6 DOC harmonization process

Following the completion of the {dataRetrieval} download process described previously, the pipeline contains raw WQP data for each parameter of interest. Before we harmonize each parameter we run through a series of universal “pre-harmonization” steps, which ensure that the datasets are appropriately formatted when entering their harmonization routines.

The text below first walks through the pre-harmonization steps for the raw dissolved organic carbon (DOC) dataset and then delves into the specifics of the harmonization process.

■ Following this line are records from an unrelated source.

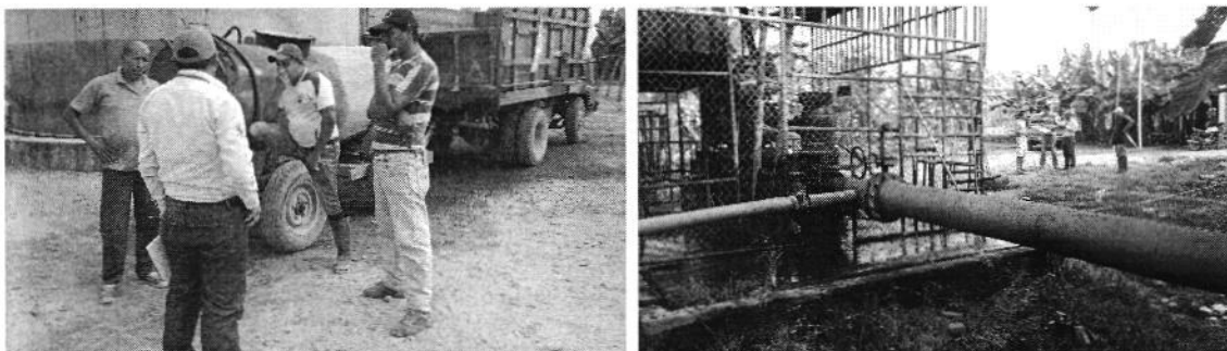
Fotografía 2. Izq. Entrega de oficio, Der. Visita al sitio de captación y conducción
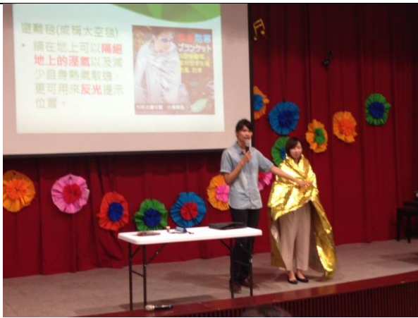
圖說：04/20 北投國中亮點講堂:實物介紹
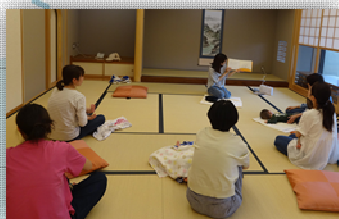
↑ 前期乳幼児学級の様子
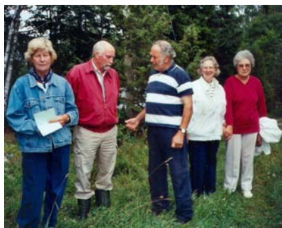
Här har vi samlats i det jättefina vädret
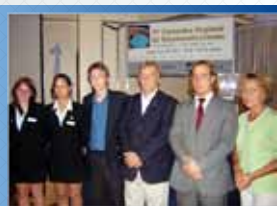
● TUCUMÁN 2004

Su última edición, realizada del 28 al 30 de junio del presente año, ha marcado un nuevo record de convocatoria; logrando presentar una exposición comercial con más de 50 firmas, 5 seminarios, 2 talleres y 3 workshops, ante casi 1.000 acreditados que se dieron cita en el Complejo City Center Rosario. Debido a este gran suceso, Encuentros Regionales 2012 Rosario será el 26, 27 y 28 de Junio ; y su empresa no puede estar ausente.
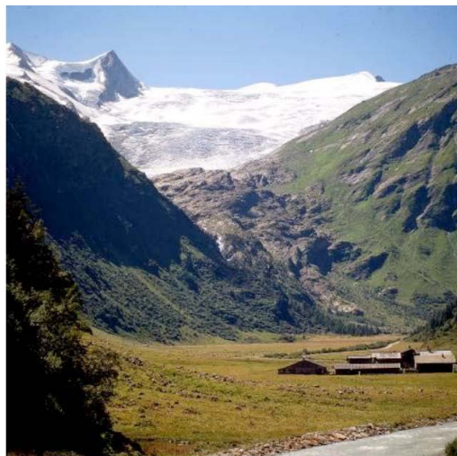
Abb 1: Gletscher auf dem Rückzug: Das Schlatenkees am Venediger 1852 (links) und 1995 (rechts). Als Beweis für einen menschengemachten Klimawandel denkbar ungeeignet.
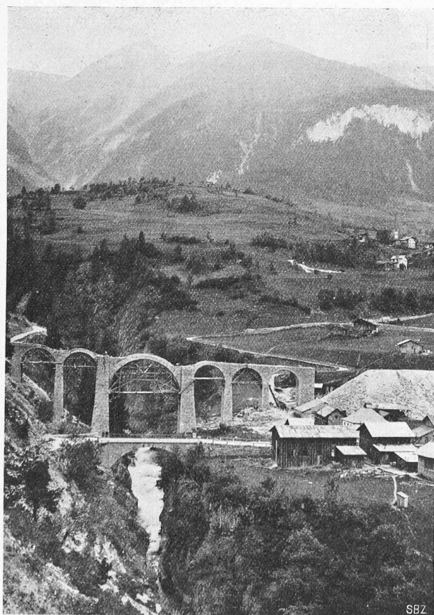
Abb. 11. Grengiols-Viadukt im Bau, Hauptöffnung 22 m.

das C. E. S. seinen Präsidenten, Ingenieur E. Huber , sowie Prof. Dr. W. Wyssling abgeordnet. Von den technischen Fragen, die in Berlin eine in gewisser Beziehung definitive Lösung erfahren haben, seien hier nur die internationalen Vereinbarungen über den spezifischen Widerstand des Kupfers erwähnt, welche Frage den vier grossen staatlichen Prüfungsanstalten in den Vereinigten Staaten, Frankreich, Deutschland und England zur Prüfung überwiesen worden war. Bis dahin hatten die Bestimmungen der verschiedenen Länder über den Widerstand des weichen Kupfers derart variiert, dass diese verschiedenen Abweichungen in der Praxis berücksichtigt werden mussten. Die C. E. I. hat festgestellt, dass der Widerstand eines weichen Normal-Kupferdrahtes von 1 m Länge und 1 mm 2 Querschnitt bei 20° C \frac{1}{88} Ohm beträgt, und dass bei derselben Temperatur der Widerstands-Koeffizient, bezogen auf die Temperatur, 0,00393 für einen Grad Celsius betrage, wobei die Masse des Drahtes konstant bleibt. Die aus der Untersuchung einer grossen Zahl verschiedener Muster gefundene spezifische Dichte des Normalkupfers ist 8,89. Die Leitfähigkeit des industriellen Kupfers soll künftig einfach in Prozenten derjenigen des weichen „Normalkupfers“ der C. E. I. ausgedrückt werden.

6.1 Pre-harmonization of the raw doc WQP dataset

At the start of the pre-harmonization process the raw DOC WQP dataset contains 2.7 million rows.

6.1.1 Missing results

Next, records that have missing data are dropped from the dataset. Several criteria are used when checking for missing data. If any of the below criteria are met the row is flagged as missing:

Both the result column and detection limit column had NA data
Result, result unit, activity comment, laboratory comment, and result comment columns are all NA
The result comment column contains any user-provided text indicating a missing value, currently including: analysis lost, not analyzed, not recorded, not collected, or no measurement taken

94.7 thousand rows are dropped, resulting in a final count of 2.7 million.

6.1.2 Filter status

The final step in pre-harmonization is to filter the ResultStatusIdentifier column to include only the following statuses:

"Accepted"
"Final"
"Historical"
"Validated"
"Preliminary"
NA

These statuses generally indicate a reliable result having been reached, however we also include NA in an effort to be conservative. More specifically, when making decisions for this and other columns we occasionally retain NA values if removing the records would otherwise drop 10% or more of the available data.

This step removes 2037 rows of data, leaving it with 2.6 million rows remaining.

6.2 Harmonization-ready DOC dataset

Once ready for harmonization, the DOC WQP dataset contains the following user-defined characteristicNames: Organic carbon, Total carbon, Non-purgeable Organic Carbon (NPOC).

These names are chosen in order to select for only those measurements that pertain to DOC.

6.2.1 Filter media and fractions

We next ensure that the media type for all DOC data is "Surface Water", "Water", "Estuary", or NA. Additionally at this step we select a subset of CharacteristicName and ResultSampleFractionText combinations that are relevant to DOC. These are:

CharacteristicName	ResultSampleFractionText
Non-purgeable Organic Carbon (NPOC)	Dissolved
Non-purgeable Organic Carbon (NPOC)	Filtered, lab
Non-purgeable Organic Carbon (NPOC)	None
Non-purgeable Organic Carbon (NPOC)	Total
Non-purgeable Organic Carbon (NPOC)	NA
Organic carbon	Dissolved
Organic carbon	Filtered, lab
Organic carbon	Filtered, field
Organic carbon	Filterable
Organic carbon	Total
Organic carbon	Organic
Total carbon	Filterable
Total carbon	NA
Total carbon	Total
Total carbon	Organic

Below are pie charts that break down the type of fractions dropped for each CharacteristicName, including record counts:

6.2.1.1 Non-purgeable organic carbon (NPOC) fractions dropped

Non-purgeable organic carbon (NPOC) ResultSampleFractionText types dropped

6.2.1.2 Organic carbon fractions dropped

Organic carbon ResultSampleFractionText types dropped

6.2.1.3 Total carbon fractions dropped

Total carbon ResultSampleFractionText types dropped

303 thousand rows are removed. The final row count after this is 2.3 million.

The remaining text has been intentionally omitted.